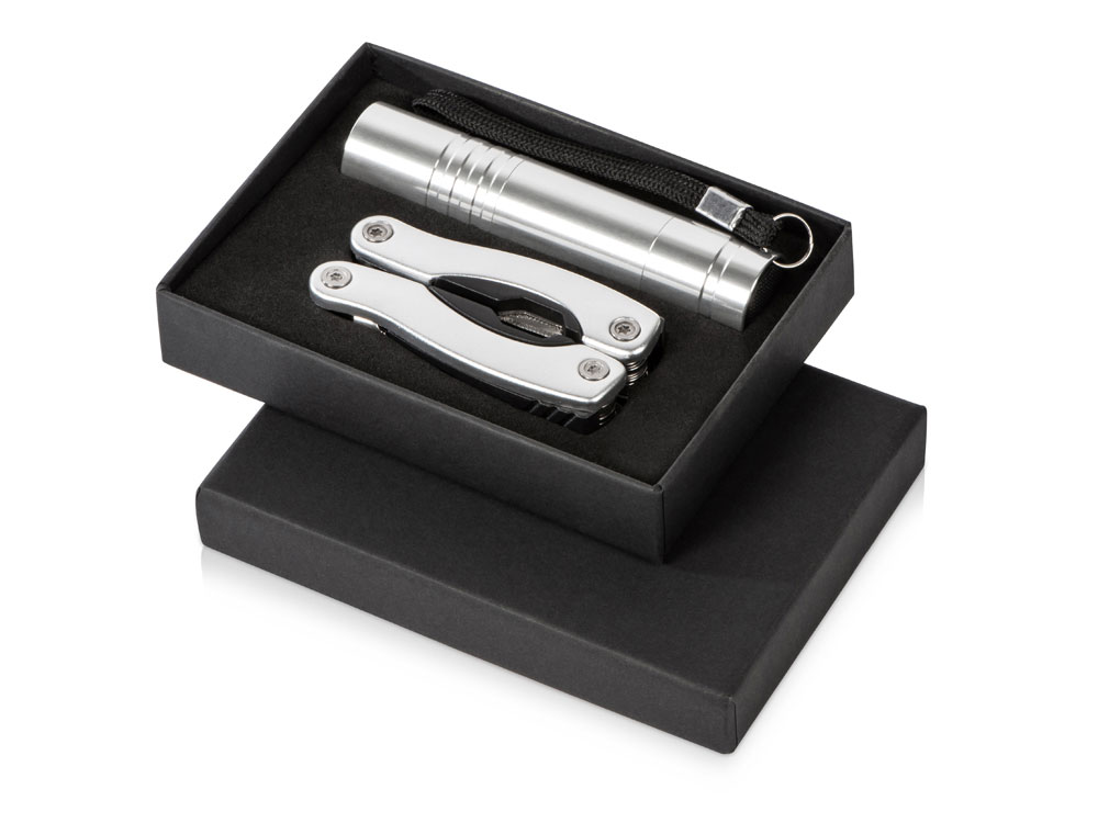 Подарочный набор Scout с многофункциональным ножом и фонариком. 11-тифункциональный инструмент с диодным фонариком упакован в черную картонную коробку. Батарейка в комплекте. Алюминий. Гравировка (оптоволоконный лазер) (Без чернения) на данный товар осуществляется бесплатно. Оплачивается только настройка оборудования в размере 1100 рублей на весь тираж.
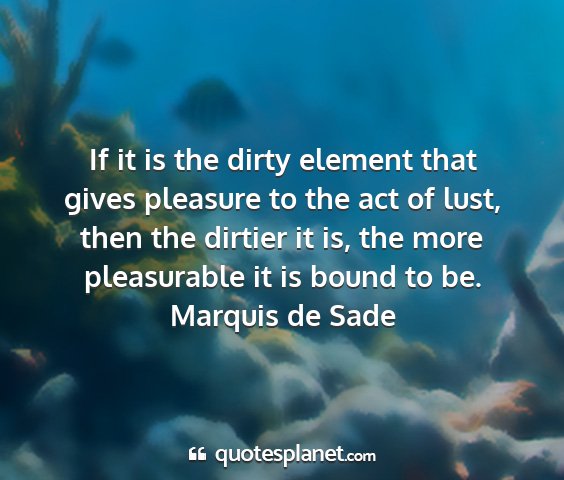 If it is the dirty element that gives pleasure to the act of lust, then the dirtier it is, the more pleasurable it is bound to be.Marquis de Sade
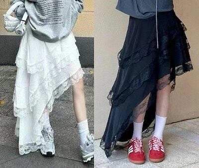 高品質新入 希少アイテムミニスカート ショート丈スカート フリル レース シンプル アシンメトリー ユニーク 個性派【大きいサイズ レディース ミニ タイト セクシー プリーツ 春夏 フレア スウェッ
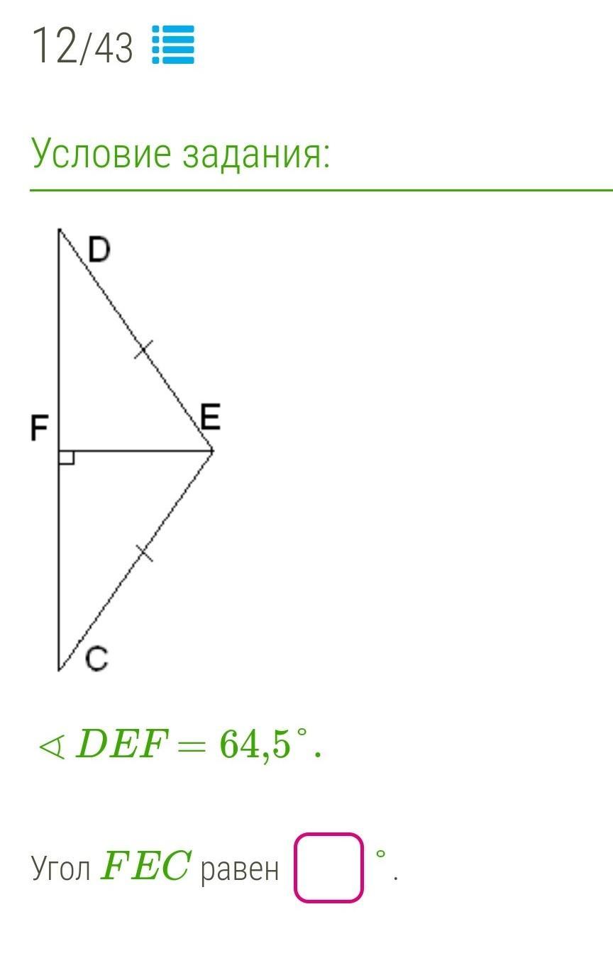 угол FEC равен углу DEF, тогда угол FEC равен 64,5°
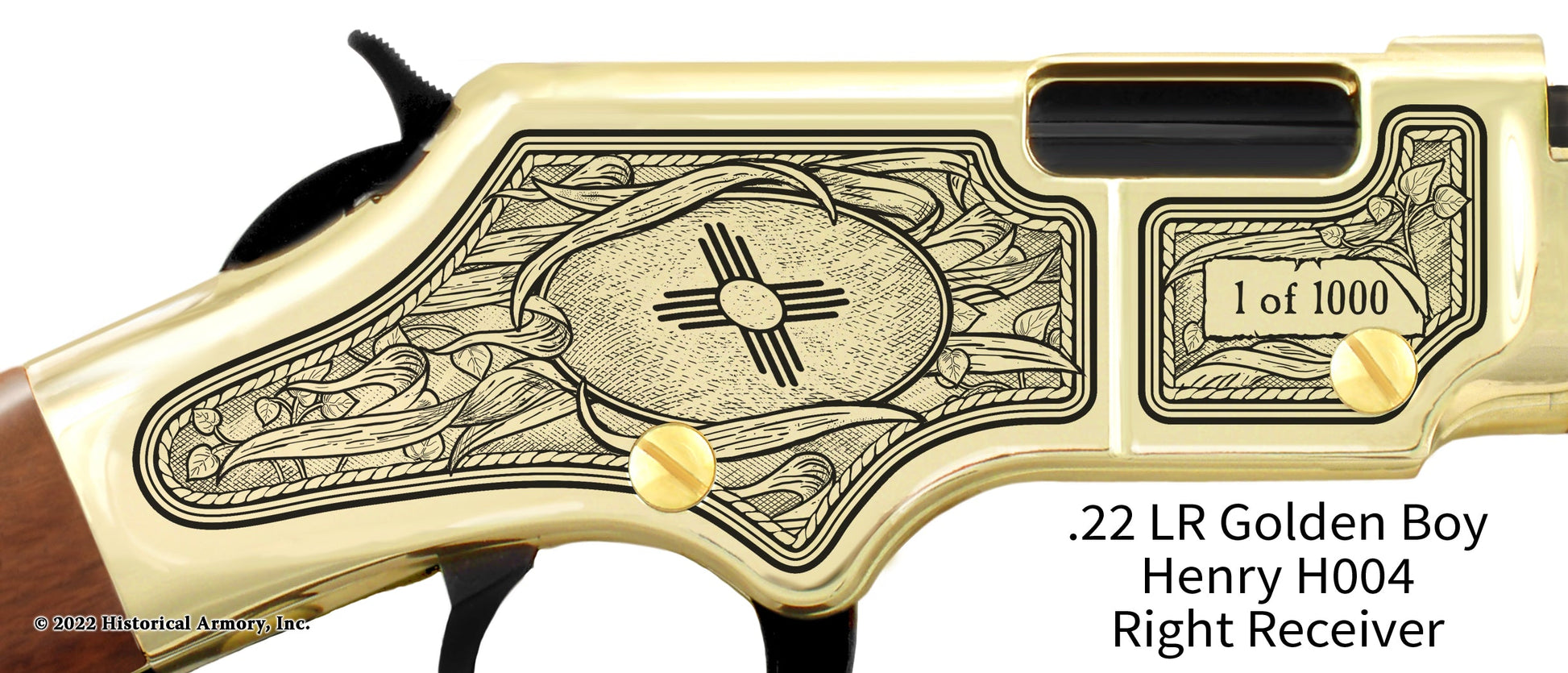 The New Mexico Agricultural Heritage Limited Edition Rifle is available on the affordable, American-made Henry .22LR (H001), Golden Boy (H004), Big Boy (H006G, H006GC, or H006GM), and .30-30 (H009BG) models. Each fully functional rifle is individually numbered and includes space on the American walnut buttstock for custom personalization, providing a unique opportunity to create your own treasured family heirloom that will be passed down for generations. Purchase the H001, H004, H006G (caliber of your choice), or H009BG separately, or all the rifles together for a complete limited edition set. Perfect for birthdays, holidays, or as a retirement gift honoring a lifetime spent working to provide for our families.

_WORK TO BE COMPLETED_:
Return the data exactly as it stands, minus the pictures.

_SOLVED EXERCISE_:
 Подарочный набор Scout с многофункциональным ножом и фонариком. 11-тифункциональный инструмент с диодным фонариком упакован в черную картонную коробку. Батарейка в комплекте. Алюминий. Гравировка (оптоволоконный лазер) (Без чернения) на данный товар осуществляется бесплатно. Оплачивается только настройка оборудования в размере 1100 рублей на весь тираж.
 If it is the dirty element that gives pleasure to the act of lust, then the dirtier it is, the more pleasurable it is bound to be.Marquis de Sade
 高品質新入 希少アイテムミニスカート ショート丈スカート フリル レース シンプル アシンメトリー ユニーク 個性派【大きいサイズ レディース ミニ タイト セクシー プリーツ 春夏 フレア スウェッ
 угол FEC равен углу DEF, тогда угол FEC равен 64,5°
 The New Mexico Agricultural Heritage Limited Edition Rifle is available on the affordable, American-made Henry .22LR (H001), Golden Boy (H004), Big Boy (H006G, H006GC, or H006GM), and .30-30 (H009BG) models. Each fully functional rifle is individually numbered and includes space on the American walnut buttstock for custom personalization, providing a unique opportunity to create your own treasured family heirloom that will be passed down for generations. Purchase the H001, H004, H006G (caliber of your choice), or H009BG separately, or all the rifles together for a complete limited edition set. Perfect for birthdays, holidays, or as a retirement gift honoring a lifetime spent working to provide for our families.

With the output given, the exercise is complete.